= Task goal =
Could you transcribe all of the data exactly and skip any pictures?

= Information provided =
- Opening Delimiter -

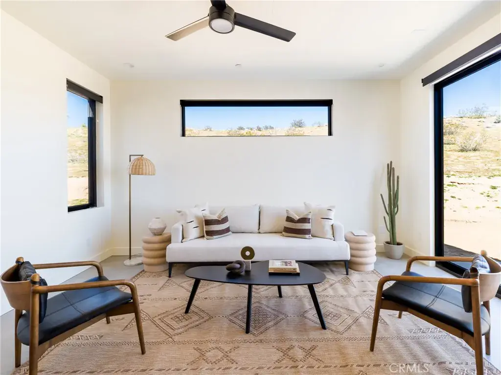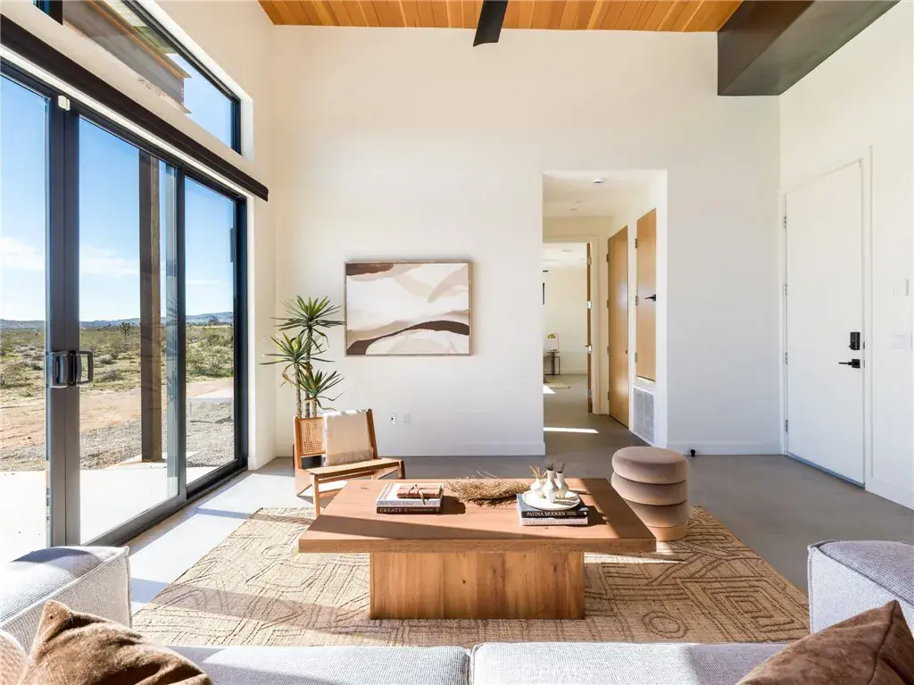 Short-term rentals are allowed (buyer to verify local regulations), offering flexibility for personal use or income potential. Built new in 2024, completed in 2026, and set on over 18 acres, this property offers space, privacy, infrastructure, and contemporary design within reach of Yucca Valley amenities and Joshua Tree National Park. *Seller owns additional contiguous 630 acres of land that is available for purchase under separate agreement.*
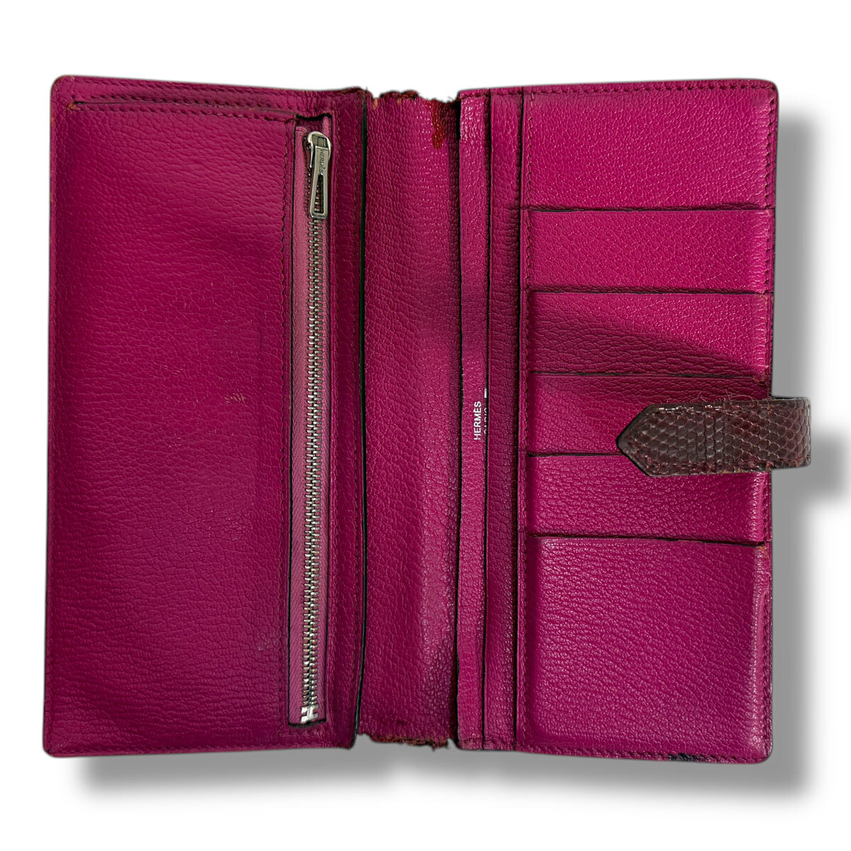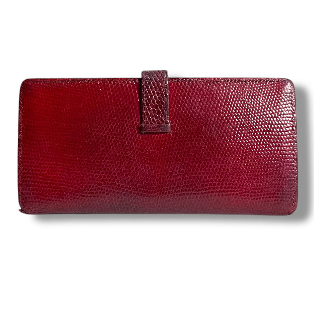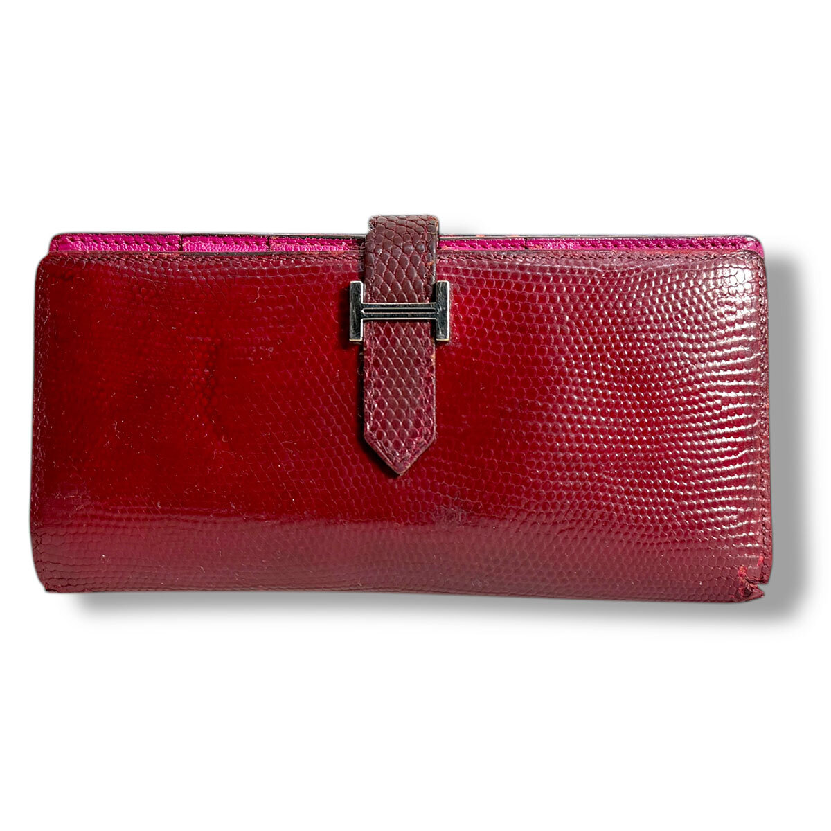 J5155 エルメス ベアン リザード シルバー金具 長財布 レッド×ピンク HERMES
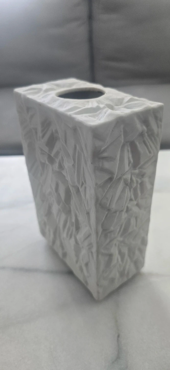 This is a vintage Shumann Arzberg white bisque porcelain vase. It has a unique textured design all over. Made in Germany.
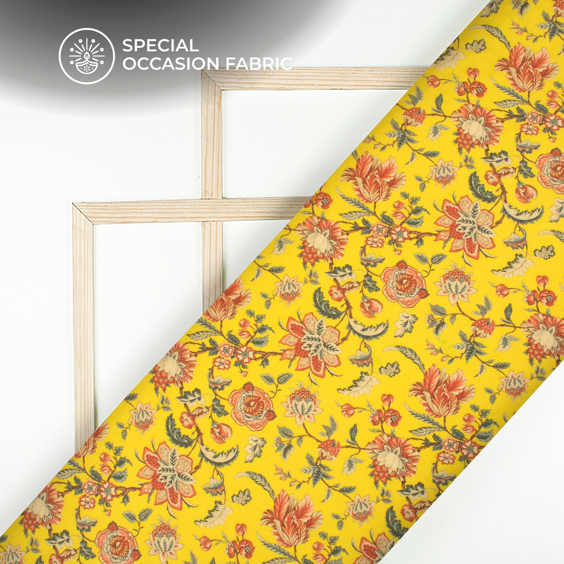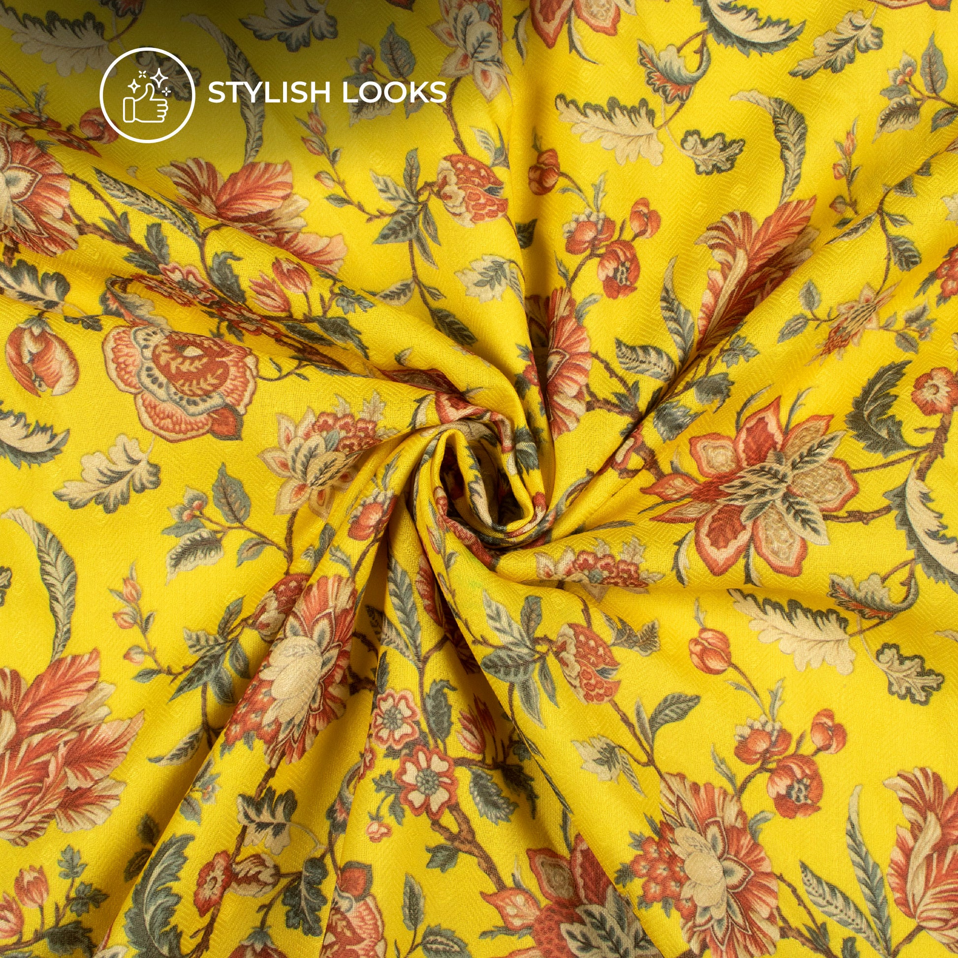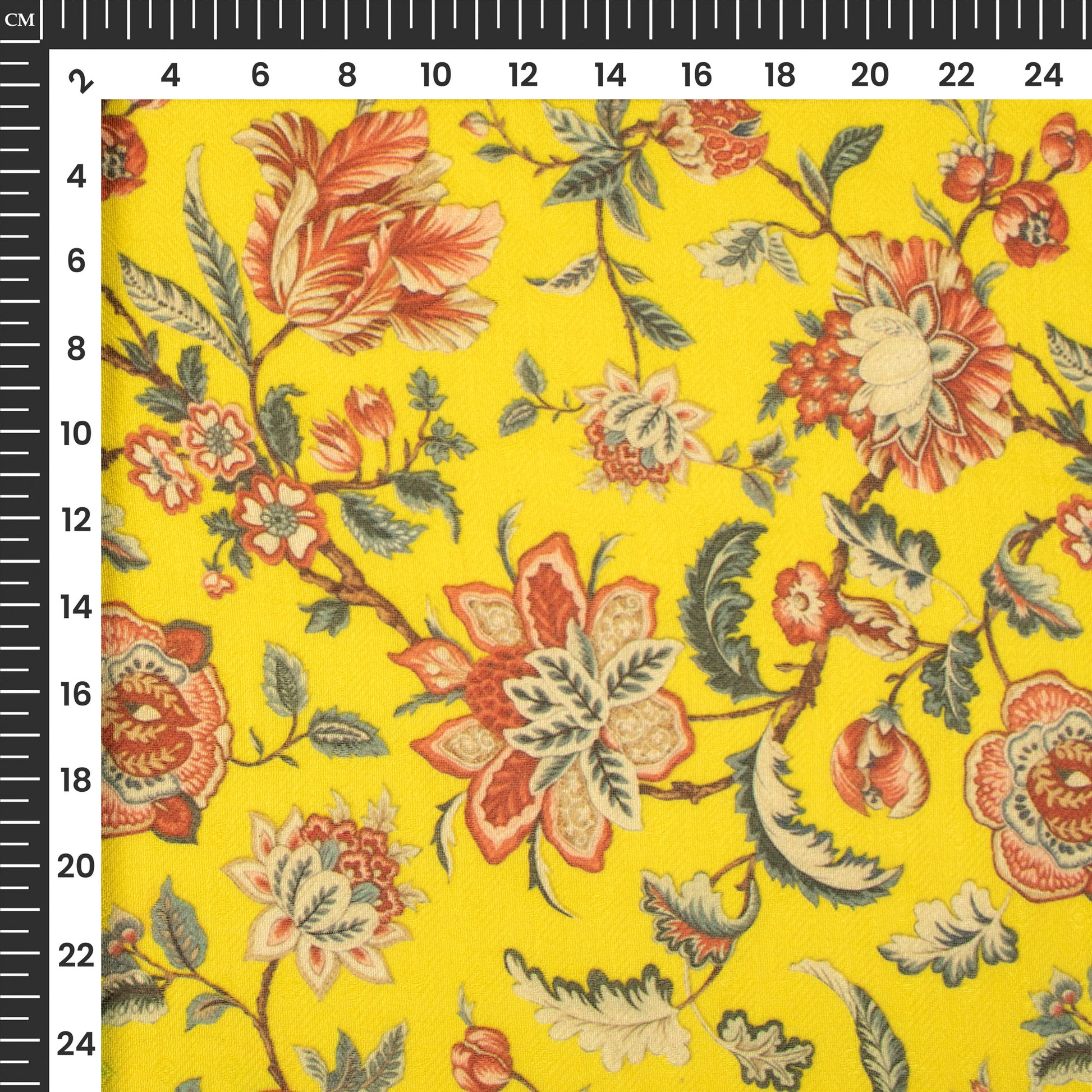 Lemon Yellow Floral Digital Print Blend Pashmina Fabric

- Closing Delimiter -

= Response below =
 Short-term rentals are allowed (buyer to verify local regulations), offering flexibility for personal use or income potential. Built new in 2024, completed in 2026, and set on over 18 acres, this property offers space, privacy, infrastructure, and contemporary design within reach of Yucca Valley amenities and Joshua Tree National Park. *Seller owns additional contiguous 630 acres of land that is available for purchase under separate agreement.*
 J5155 エルメス ベアン リザード シルバー金具 長財布 レッド×ピンク HERMES
 This is a vintage Shumann Arzberg white bisque porcelain vase. It has a unique textured design all over. Made in Germany.
 Lemon Yellow Floral Digital Print Blend Pashmina Fabric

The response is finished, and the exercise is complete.